# [Info] Artikel zu CANbus und serieller Kommunikation (RSxxx)



## Kurt (24 September 2005)

Hallo,

in der aktuellen Ausgabe der Zeitschrift Toolbox (5/2005) beginnt
eine Artikelserie zum CANbus.

In der Ausgabe ist auch ein Artikel zu 'Zeitabläufe auf der seriellen Schnittstelle' konkret RS232.

www.toolbox-mag.de
Die Zeitschrift kostet 'nur' 10Euro.

Kurt


----------



## BadTaste (27 September 2005)

*Heftige Sache mit ToolBox*

Na 10 Euro ...
Aber vielleicht finde ich jemand der jemand anderen ein PDF aus dieser Zeitung gesendet hat dann bekommt man ja ein Jahresabo umsonst.....   Sachen gibts



> Die Verbreitung von PDF-Dateien und Routinen aus der Toolbox durch Dritte ist nicht gestattet.
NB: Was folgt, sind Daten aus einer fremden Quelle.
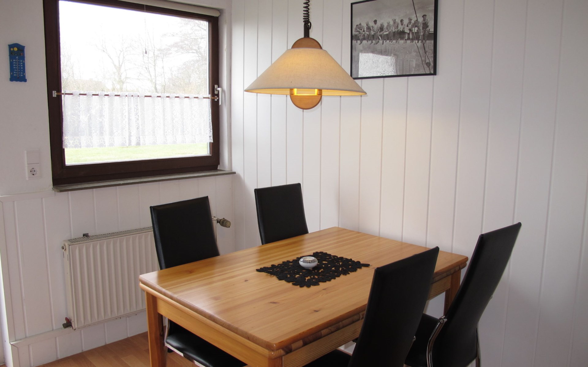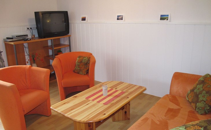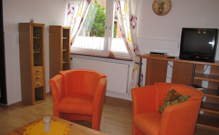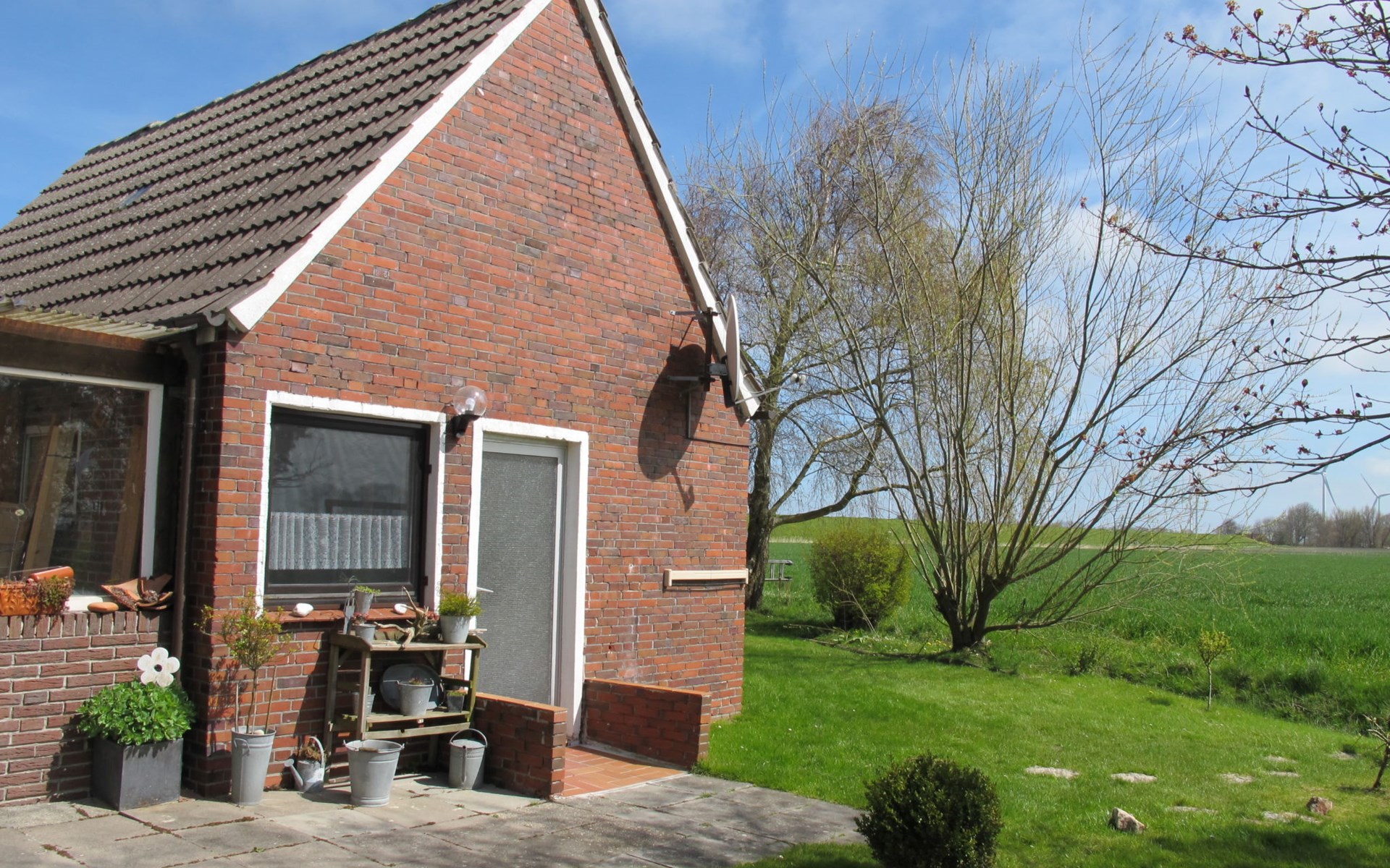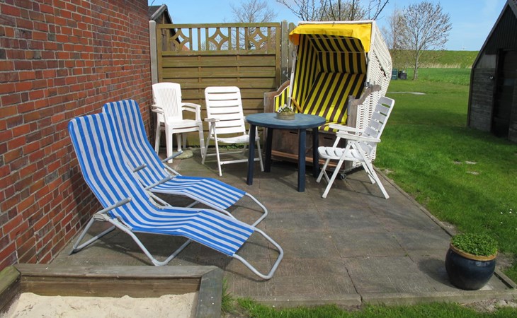 Small single-family house "Osterkamp". 150 m from the centre of Friederikensiel, on the outskirts, 4 km from the centre of Hohenkirchen, 8 km from the centre of Horumersiel, 2 km from the sea, in a cul-de-sac. For shared use: property, garden (not fenced) with lawn. In the house: central heating system. Parking at the house. Supermarket 4 km, bus stop 300 m, railway station "Jever" 15 km, sandy beach "Harlesiel" 9 km, outdoor swimming pool 9 km, indoor swimming pool 10 km. Golf course (18 hole) 32 km.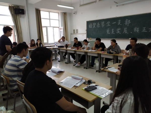 6月9日下午4点,经贸系学生一支部在教学楼4b304召开党员发展大会。大会的主要议题是讨论接收7名同学为预备党员的问题会议由党员一支部书记任冠华主持。

Leider kommt es immer wieder zu solchen Verstößen gegen das Urheberrecht. Wir weisen darauf hin, daß es sich dabei um eine Straftat handelt und wir gegen Zuwiderhandlungen strafrechtlich vorgehen.
> 
> Wir möchten Sie bitten, uns dabei zu helfen, solche Verstöße aufzudecken. Bei dem, der uns zuerst meldet, daß von Daten des Toolbox-Verlags illegale Kopien im Internet verbreitet werden, bedanken wir uns mit einem kostenlosen Jahresabo oder wahlweise einem Buch des C&L-Verlags.


----------